Sandeepbhai Narasimbhai, 22, a graduate in history who hails from a village in Dahod — some 150 km from Vadodara — says the first time he touched a steering wheel was at the institute. He rode a motorbike earlier — something that made his classmates a bit jealous, he laughs. He adds that he got “used to” better sanitation, including toilets, after joining AGIDTTR.
   
“Until I came here I didn’t know how to speak to people with respect, how to treat women with respect,” says he. He enjoyed the stay, especially the “activities” in the evenings which include playing cricket, badminton, local games and carrom. “I picked up some English and also good etiquette.

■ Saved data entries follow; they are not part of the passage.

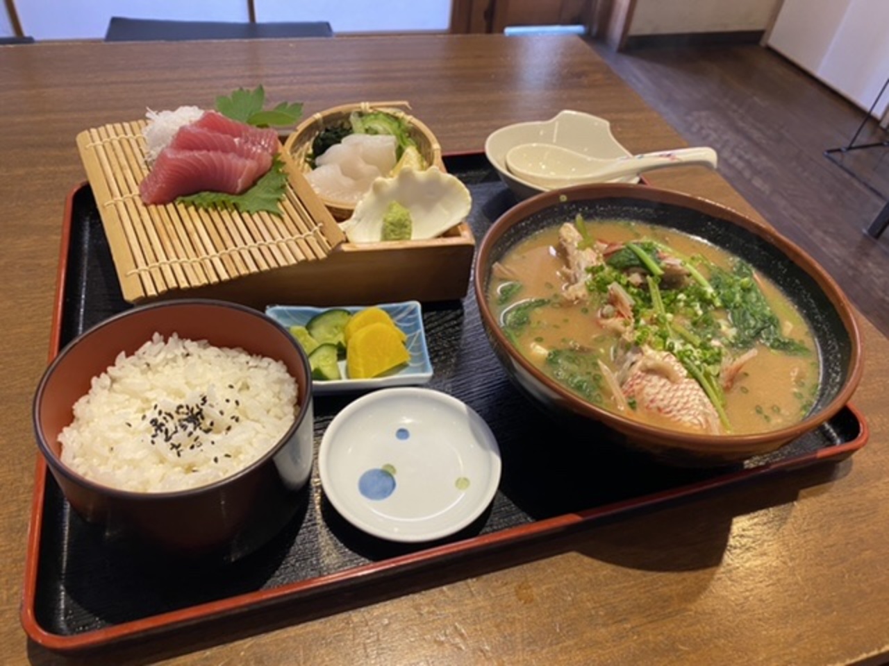 食べたのは島魚のあら汁定食1,410円(税込)!お刺身とあら汁ですね。最高の組み合わせでどちらも美味かった。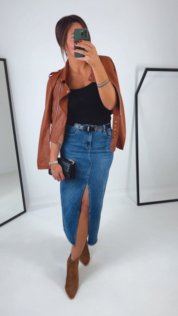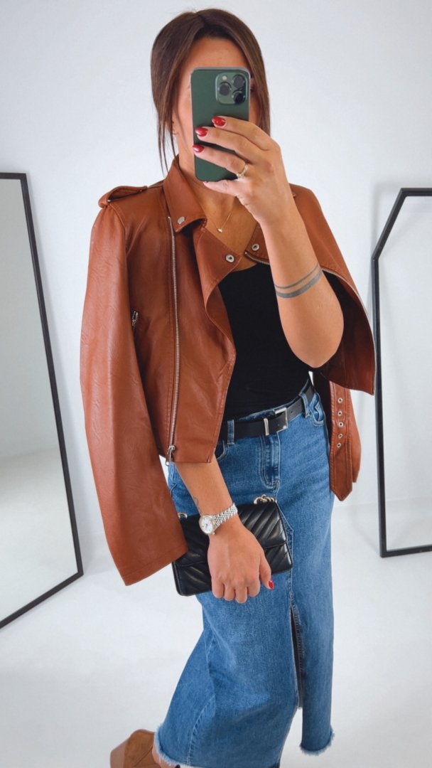 - Kratší koženková bunda v barvě camel
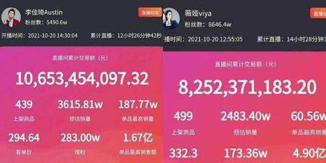 有数据表明,李佳琦薇娅俩人直播带货一天,顶上市公司一年业绩——从以上述李佳琦、薇娅二人预售合计成交额达到189亿元来看,这一天的销售数据甚至超过了4000多家上市公司一年的营收。
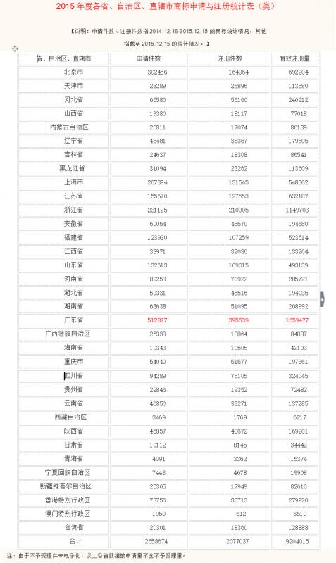 2015年度各省、自治區(qū)、直轄市商標(biāo)申請與注冊統(tǒng)計表(類)
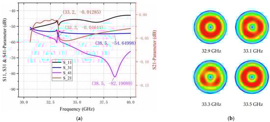 (a) Simulated S-Parameter at AN = 5.4 mm, dx = 4.2 mm, dz = 1.6 mm; and (b) E-Field distribution at 32.9 GHz, 33.1 GHz, 33.3 GHz, 33.5 GHz.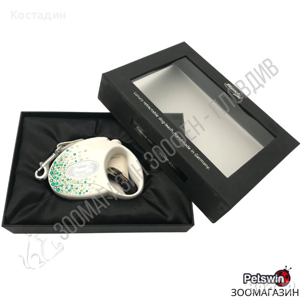 Автоматичен повод - за Куче - 3м/12кг - с кристали Swarovski - Flexi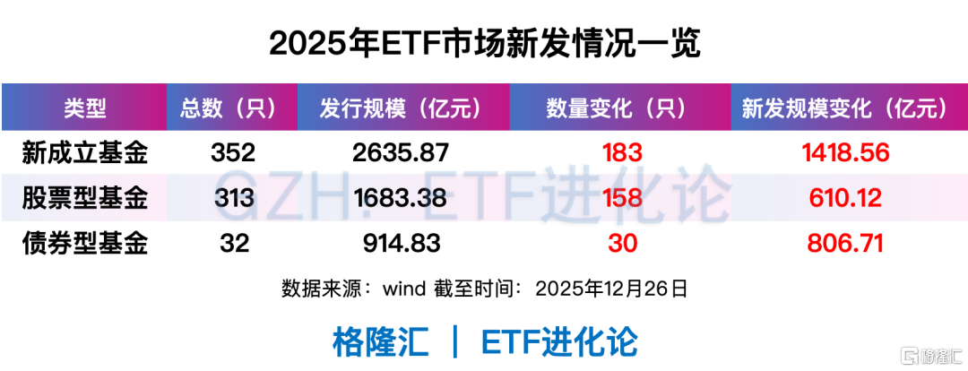 以成立日计算,截至12月26日,年内新成立了352只ETF,同比翻倍创下历年新高,合计募集规模2635.87亿元,同比继续翻倍增长。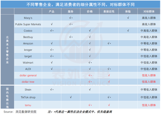 反而是Dollar general(达乐)、Dollar tree(美元树)等dollar店(一元店),在细分目标用户上,与Temu高度重合。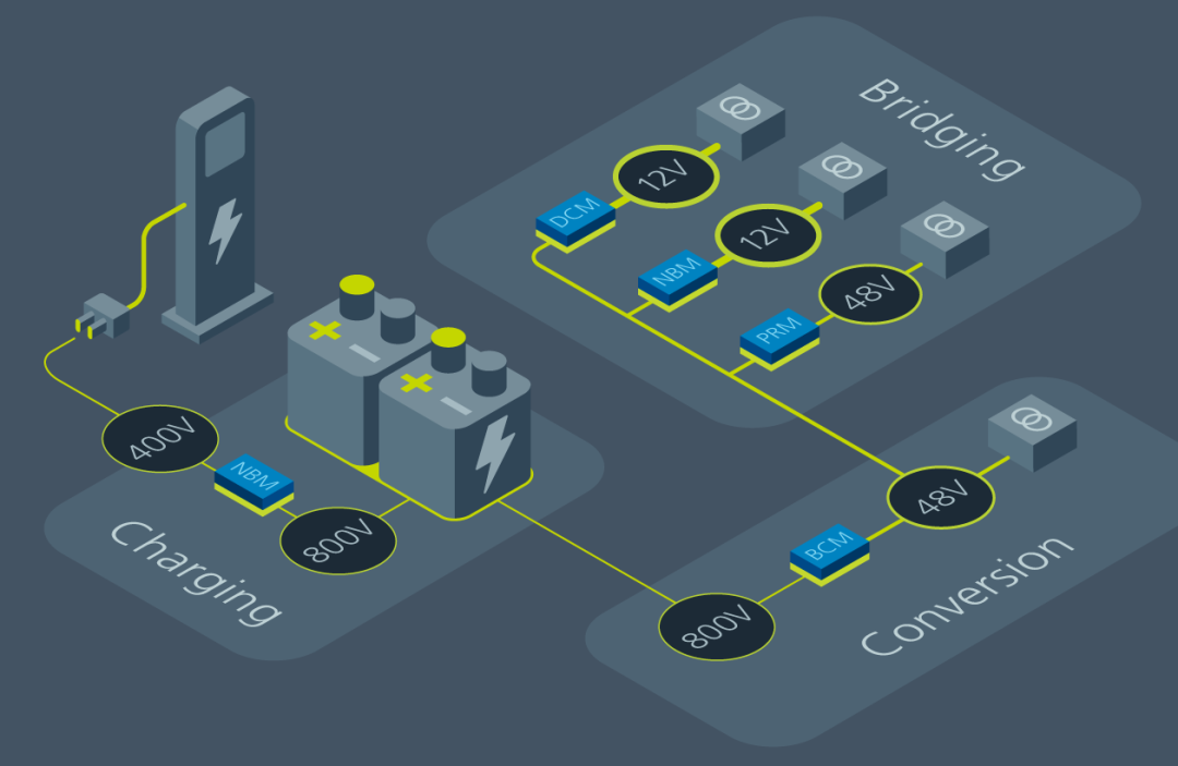 使用基于 SAC 的器件,不仅可缩小电源网络组件的尺寸,而且允许电源工程师采用大量不同的方式优化供电网络。电池电压可轻松转换为 48V,并在负载点从 48V 网络降至 12V。使用 Vicor 高压 BCM®母线转换器,能轻松实现从主电池 (400/800V) 到 48V 的转换。BCM 仅重 58 克,体积仅为 0.016L,可提供 2.5kW 的 48V 电源。48V 电源可使用高效 ZVS PRM™ 稳压器稳压,其重量仅为 40 克,体积为 0.01L。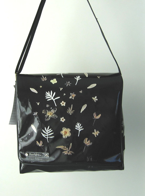 bag mod. BANNER MEDIUM, image of composition created with dried flowers (natural colors) "FOGLIE E FIORI BIANCHI SU FONDO NERO" (comp. 079) |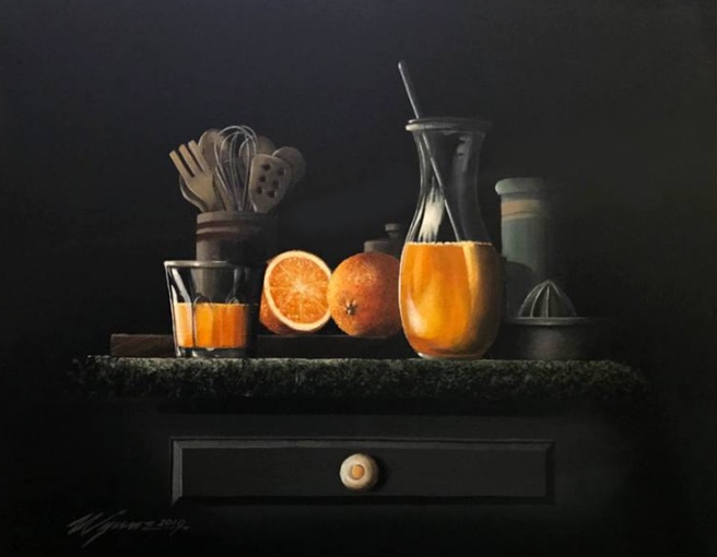 He is groggy in the morning. I wake up renewed and ready for the day. Ready, first thing, to squeeze oranges for him. He can't begin, doesn't want to begin, without a glass of fresh juice brought to him in bed. A simple act for me. For him, a big ahh, quenching, invigorating.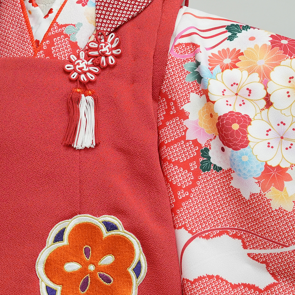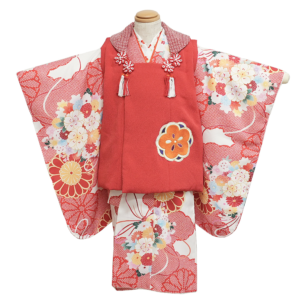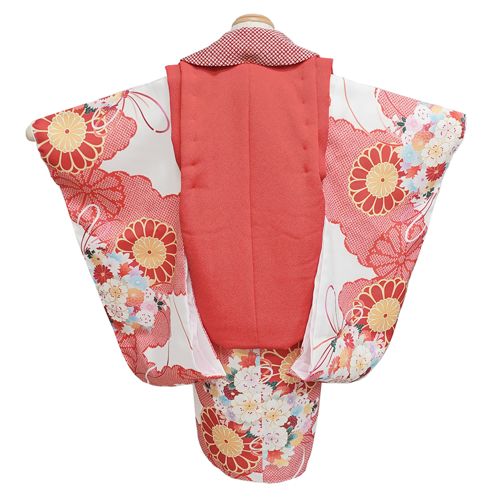 セット内容:着物・重ね衿(縫付済)・襦袢・半襟(縫付済)・被布コート・被布飾り(縫付済)・腰紐2本・髪飾り・巾着・草履・足袋15-16cm(プレゼント)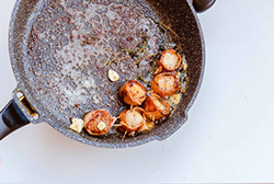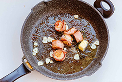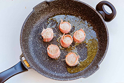 将锅子倾斜,尽量让食材全部粘满锅中的酱汁,并用勺子将酱汁不停的淋在扇贝卷上,各面都煎好后出锅备用
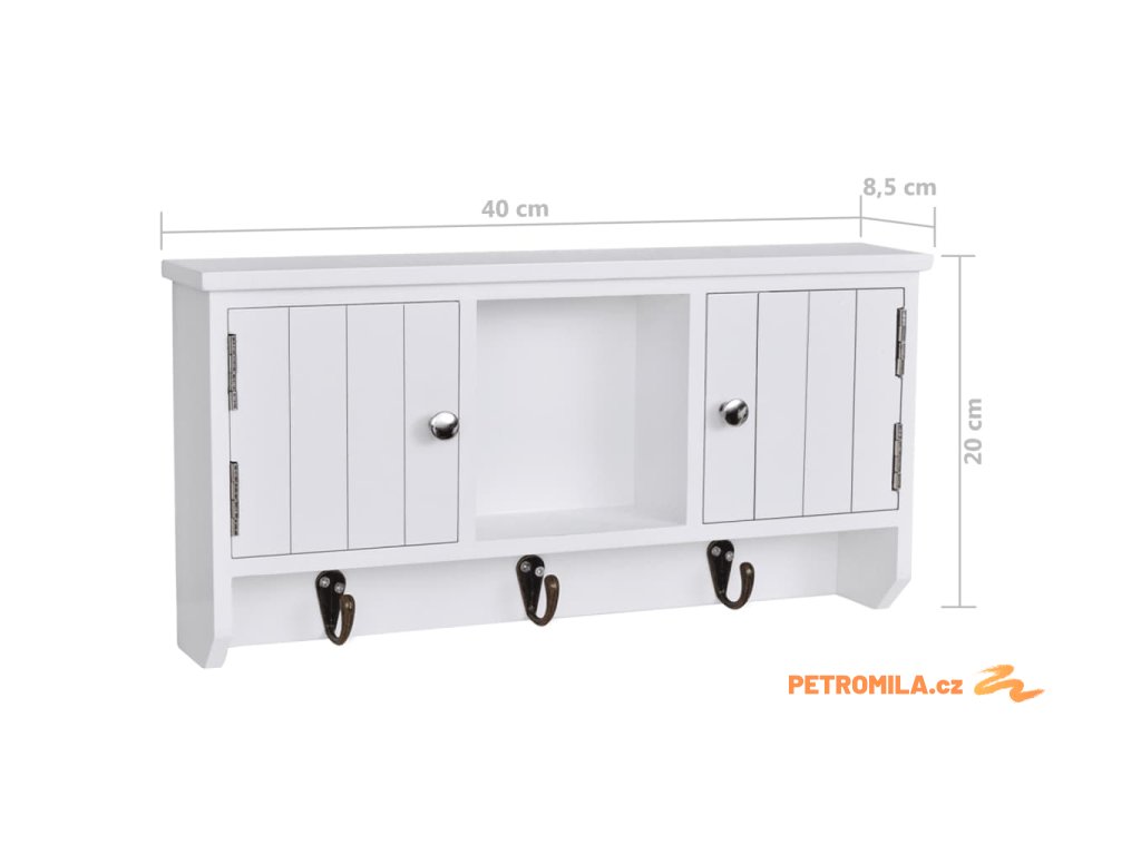 Nástěnná skříňka na klíče a šperky s dvířky a háčky

I have the skills to earn a living,” he adds.
   
Such excitement among tribal students has prompted Maruti to look for replicating the “experiment” elsewhere in the country, too, Rajoria discloses, adding that the carmaker is in talks with the government of Odisha — a state with a sizeable tribal population — to set up a similar training facility. One of them will come up in Guwahati and the other in Maoist-hit Koraput. Each of these facilities will be on 15-acre campuses. These centres will also cater to non-tribals in the region.
   
Besides, in Bihar, Maruti has already signed a memorandum of understanding with the state transport department to set up a new skilling institute in Aurangabad.

Plans Afoot

“We take pride in giving personality development and soft skills for the underprivileged,” declares Rajoria. Thanks to what he calls “allrounder” skills that trainees pick up from the Waghodia centre, they now work as auto dealers, run workshops, work with manufacturing companies such as JCB, Welspun Group, GM and so on. Several others are self employed as taxi or small goods carrier drivers.
   
Maruti officials point out that the inspiration for setting up such an institute for the underprivileged came following what they call the “overwhelming success” of its six institutes of driving, technical training and research (IDTRs), all commercial ventures. Currently, the company operates IDTRs at six locations in the country — two in Haryana, two in Delhi, one in Uttarakhand and one in Gujarat — which are equipped with driving tracks, simulators and so on and where instructors offer theory classes for a fee. Besides, the company also has a network of neighborhood schools called Maruti Driving Schools at over 310 locations across the country where it has till date trained over 15 lakh people.
   
Meanwhile, Rajoria expects the Aurangabad training institute in Bihar, which will have capacity to train over 20,000 students per annum in driving across vehicle categories, to be operational by the end of 2014. After all, when Modi’s Gujarat does it, can Bihar, led by his staunch political rival Nitish Kumar, be far behind?